DRY it up.
var b='block',h='none',m='message',f='fade';
function s(i,d){document.getElementById(i).style.display=d}
function open(){s(m,b);s(f,b)}
function close(){s(m,h);s(f,h)}
With the whitespace and proper variable names (to be passed to a minifier), this looks like:
var show = 'block', hide = 'none', message = 'message', fade = 'fade';
function setStyle(id, display) {
document.getElementById(id).style.display=display;
}
function open() {
setStyle(message, show);
setStyle(fade, show);
}
function close() {
setStyle(message, hide);
setStyle(fade, hide);
}
There are some best-practices which don't relate to the question but are worth considering if your project grows beyond this trivial situation:
- Use a minifier. My favorite is uglifyjs. This allows you to use meaningful variable names in your unminified code (like the second example). The minifier will output code more like (but probably even better than) the first example. Even with a minifier, keep thinking about what it can and cannot do - creating a private shortcut to a long public API like document.getElementById can aid the minification if you use that API frequently. Look at the minified code to make sure there isn't something you can do to optimize it.
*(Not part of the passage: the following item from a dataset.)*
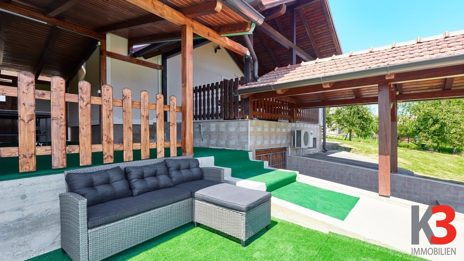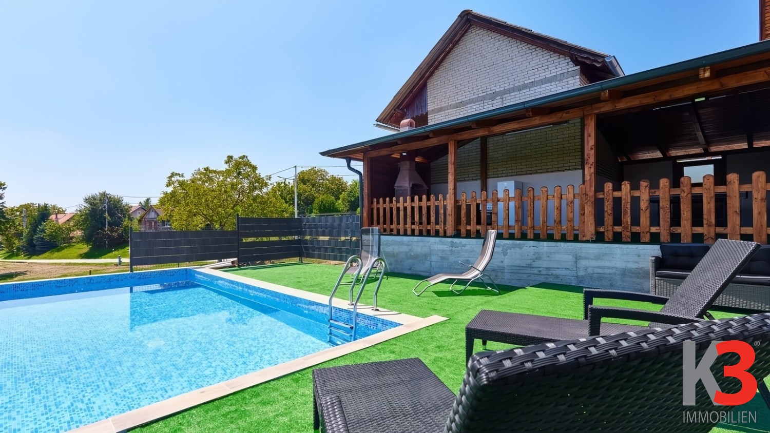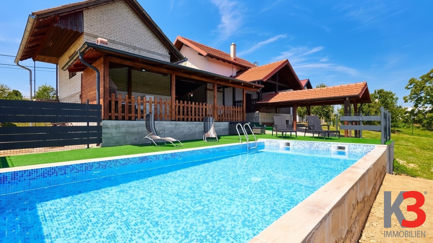 Das Anwesen verfügt über ein großes, gepflegtes Grundstück mit einer überdachten Terrasse, ausgestattet mit Grill und Whirlpool – ein idealer Ort zum Entspannen und geselligen Beisammensein.
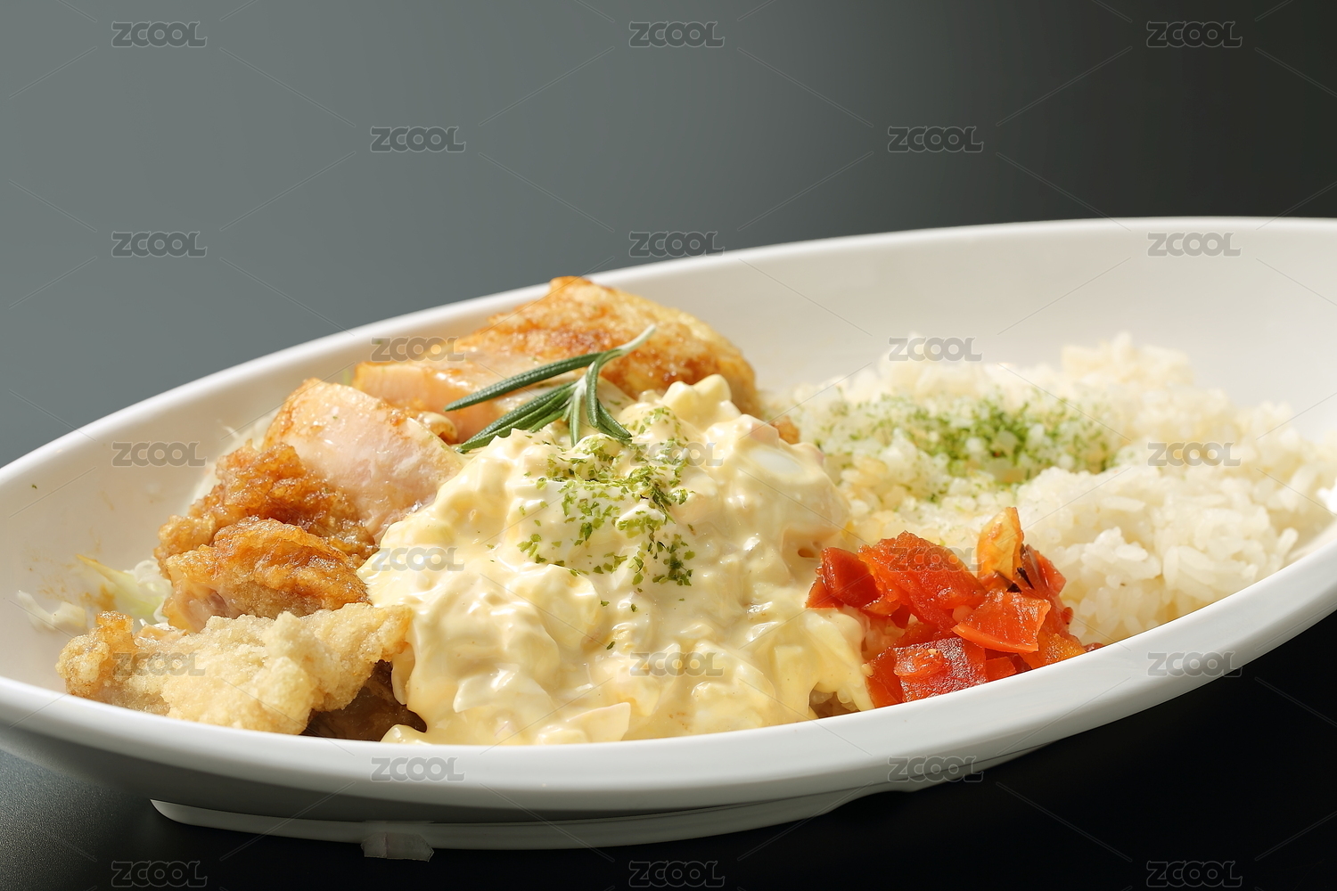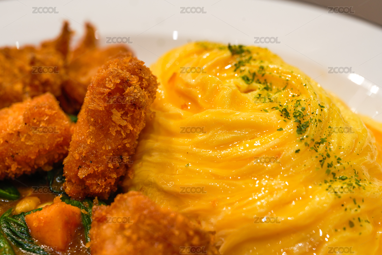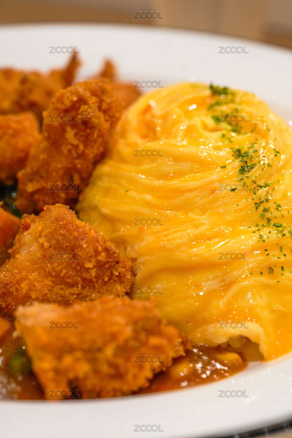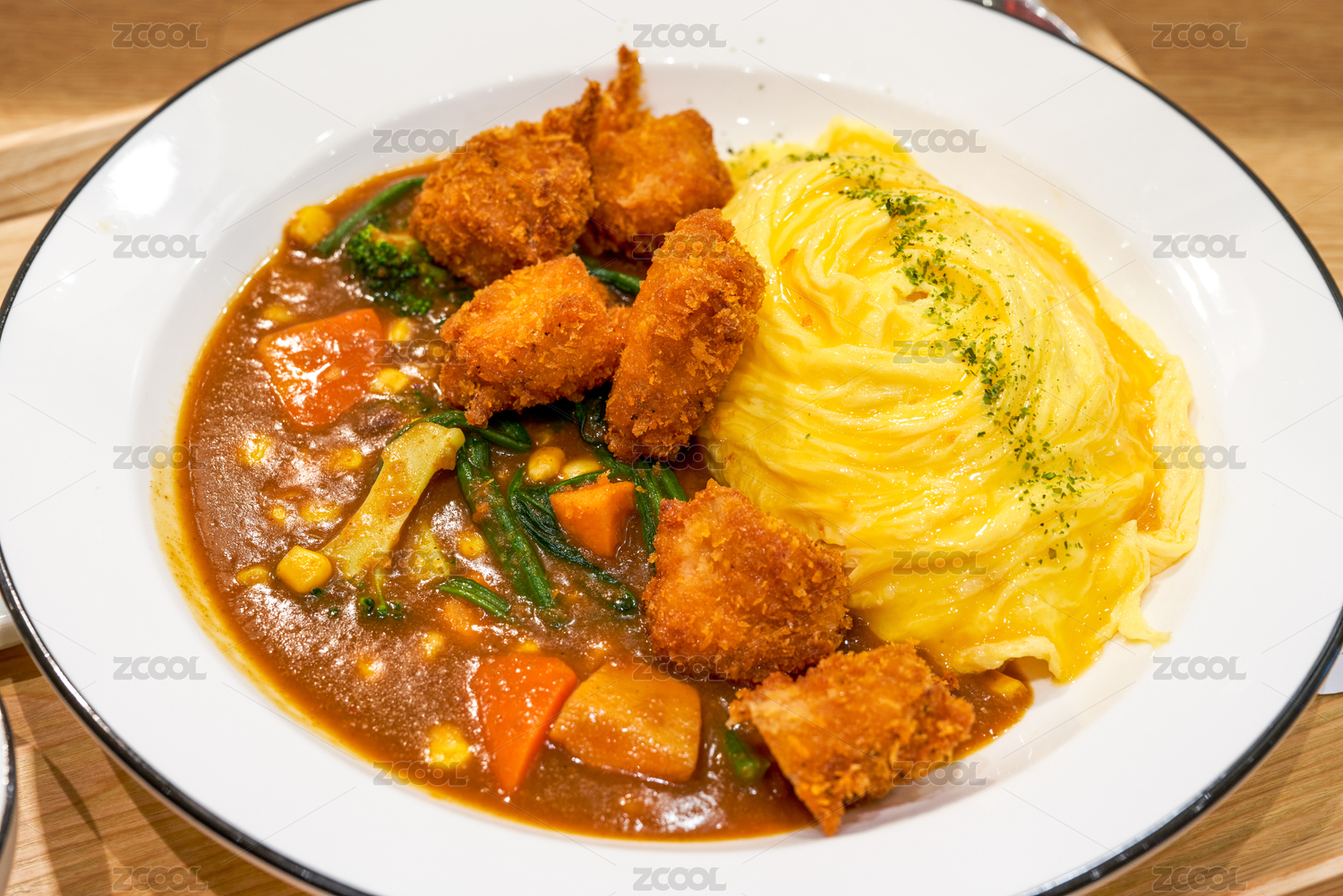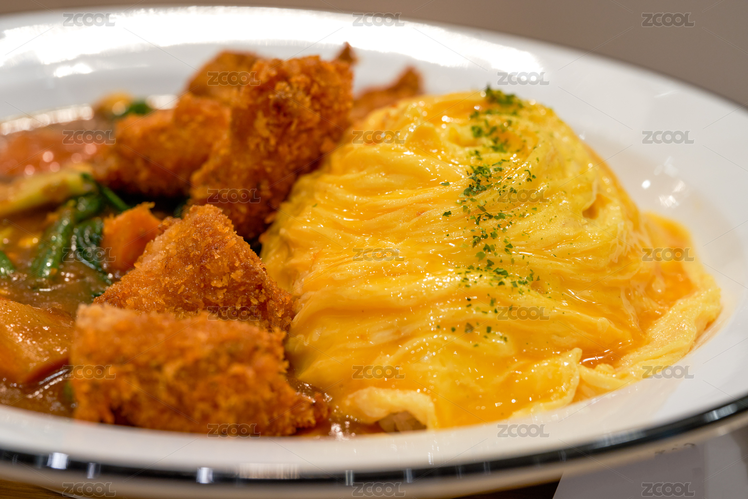 一份誘人美味的日式咖喱炸雞塊蛋包飯

- Separate your javascript into .js modules that are loaded separate from the page and asychrounously, if possible.
- Manage all your static assets (like the .js modules) so they have a long cache timeout - use the
Expires:
http header. Then change their URLs when they actually change. This way, clients can cache them indefinitely until you change them & then the client will immediately fetch a new version.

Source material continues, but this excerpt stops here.